It should be noted that when the acao header indicates (designing) *, it is not allowed to use HTTP authentication for client
- After the user logs in successfully, it will return to verify
TokenTo the client.
- After receiving the data, the client saves it in the client
- Each time the client accesses the API, it carries
TokenTo the server side.
- The server uses filter filter to verify. If the verification is successful, the request data will be returned; if the verification fails, the error code will be returned
When we authenticate the information in the program and obtain
tokenAfter that, we can get through this
TokenDo a lot of things.
We can even create a permission based
tokenTo third-party applications that can access our data (only if we allow them to
Advantages of tokens
- Stored on the client
TokensIt is stateless and can be extended. Based on this stateless and non storage
SessionLoad balancer can transfer user information from one service to another server.
- If we save the authenticated user’s information in
SessionThen each request requires the user to send authentication information to the authenticated server (called
SessionAffinity). When the number of users is large, it may cause some congestion.
- But don’t worry. use
tokensAfter that, these problems were solved because
tokensHold the user’s authentication information.
- Send on request
tokenIt’s no longer sending
CSRF(Cross Site Request Forgery). Even if used on the client side
cookieIt’s just a storage mechanism, not for authentication. Do not store information in
SessionMiddle, let’s lose right
tokenAfter a period of time, users need to re verify. We don’t have to wait
tokenThere is a retraction operation, through the
token revocataionCan make a specific
tokenOr a group with the same certification
TokensAbility to create programs that share permissions with other programs. For example, be able to connect a casual social account with your own big size (Facebook or twitter). When we log in to twitter through the service (we will buffer the process), we are allowing buffer to post to our twitter stream.

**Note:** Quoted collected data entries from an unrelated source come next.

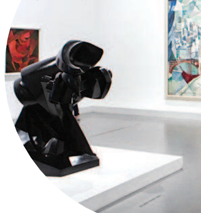
西岸美术馆正在举办的“时间的形态”蓬皮杜中心典藏展现场

间的介质，认为美术馆能让人完成视觉沉浸、代入、精神沉浸、交互性感官体验等，可以以艺术作品为介质，促成参观者与展览呈现者之间的对话。这无疑让美术馆有了新的追求。 “如果说我们需要找到一个地方，让我们暂时摆脱现实的枯燥感，消除倦怠，重振旗鼓的话，那个地方也许不是教堂而是美术馆。”青年作家祝羽捷以在国外不同的游历经历写下《人到了美术馆会好看起来》一书。在她看来，美术馆没有人们想象中那么严肃，而是可以做出一些改变，变得精致又好玩；美术馆也不应被视为某个终点，走出美术馆用审视艺术的目光看待生活，用诗意的眼光去观察世界，也许才是真正的开始。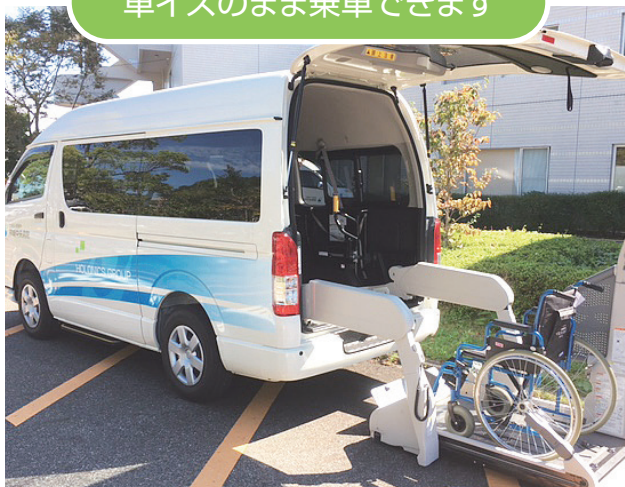
車イスのまま乗車できます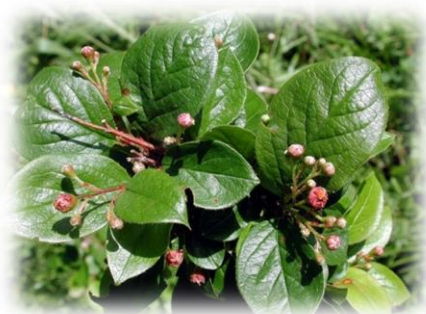
Кизильник блестящий Cotoneaster lucidus

красные. Цветки 12 мм в диаметре, по 12-30 в щитковидных соцветиях. Цветки белые или розоватые. Цветёт с конца мая до середины июня. Плоды шарообразные, чёрные, 6-10 мм, с 8 семенами. Плоды используются в пищу и в медицинских целях. К почвам неприхотлива, светолюбива, зимостойка, вредителями не повреждается. Хорошо переносит пересадку. Применяют в высоких плотных стриженных живых изгородях. Не оголяется снизу, декоративна насыщенной осенней окраской листвы.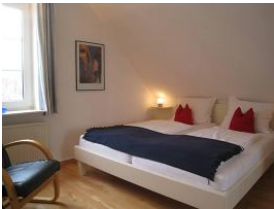
Das großes Doppelbett 180x200cm garantiert erholsamen Schlaf.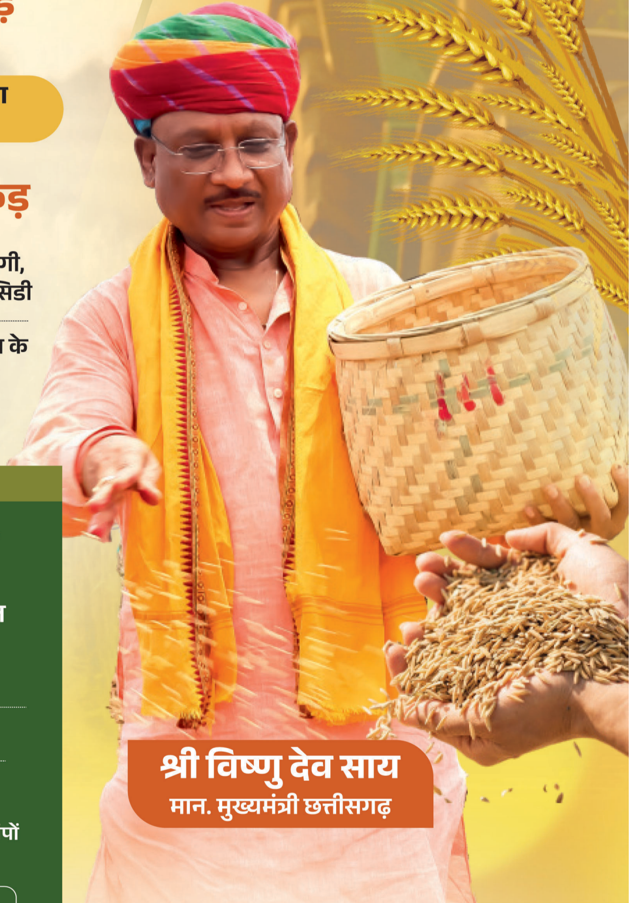
श्री विष्णु देव साय मान. मुख्यमंत्री छत्तीसगढ़

रेगहा, बटाई, लीज़, डुबान के किसानों को भी लाभ

tokensYou can provide optional permissions to third-party applications. When users want another application to access their data, we can establish their own API to get the special permission
Multi platform and cross domain
Let’s talk about it in advance
CORS(cross domain resource sharing), when extending applications and services, various devices and applications need to be involved.
Having our API just serve data, we can also make the design choice to serve assets from a CDN. This eliminates the issues that CORS brings up after we set a quick header configuration for our application.
As long as the user has an authenticated
tokenData and resources can be requested on any domain.
- Create based on Standards
tokenYou can set some options. Standard usage in
JSON Web Tokensreflect.
- The most recent program and documentation is supply
JSON Web TokensYes. It supports many languages. This means that you can actually switch your authentication mechanism in the future.
Transfer from: WeChat official account: brother road of migrant workers
What is it?
- JSON web token (JWT) is an open standard (RFC 7519), which defines a compact, self-contained way to securely transfer information between parties as JSON objects. This information can be verified and trusted because it is digitally signed.
- In short, JWT (JSON web token) is a solution to realize token technology
When to use
- Authorization(authorization): This is the most common scenario for using JWT. Once the user logs in, each subsequent request will contain a JWT, allowing the user access to the routes, services, and resources allowed by the token. Single sign on is a feature of JWT, which is widely used now, because of its low cost and easy cross domain usage.
- Information Exchange(information exchange): JSON web tokens are a great way to safely transfer information between parties. Because jwts can be signed, for example, with a public / private key pair, you can be sure that the sender is the person they say they are. In addition, since the signature is computed using the header and payload, you can also verify that the content has not been tampered with.
JSON web token structure
- The JSON web token consists of three parts, which are connected by dots (.). The three parts are as follows:
- Typical JWT
The header typically consists of two parts: the type of token (“JWT”) and the algorithm name alg (such as HMAC sha256 or RSA, etc.).
Then, code the JSON with Base64 to get the first part of JWT
The second part of JWT is payload, which contains declarations (requirements). Declarations are statements about entities (usually users) and other data. There are three types of declarations: registered, public, and private.
- Registered claims: there is a set of predefined declarations that are not mandatory but recommended. For example: ISS (issuer), exp (expiration time), subject (subject), aud (audience), etc.
- Public claims: can be defined at will.
- Private claims: used to share information between parties who agree to use them and are not registered or public statements.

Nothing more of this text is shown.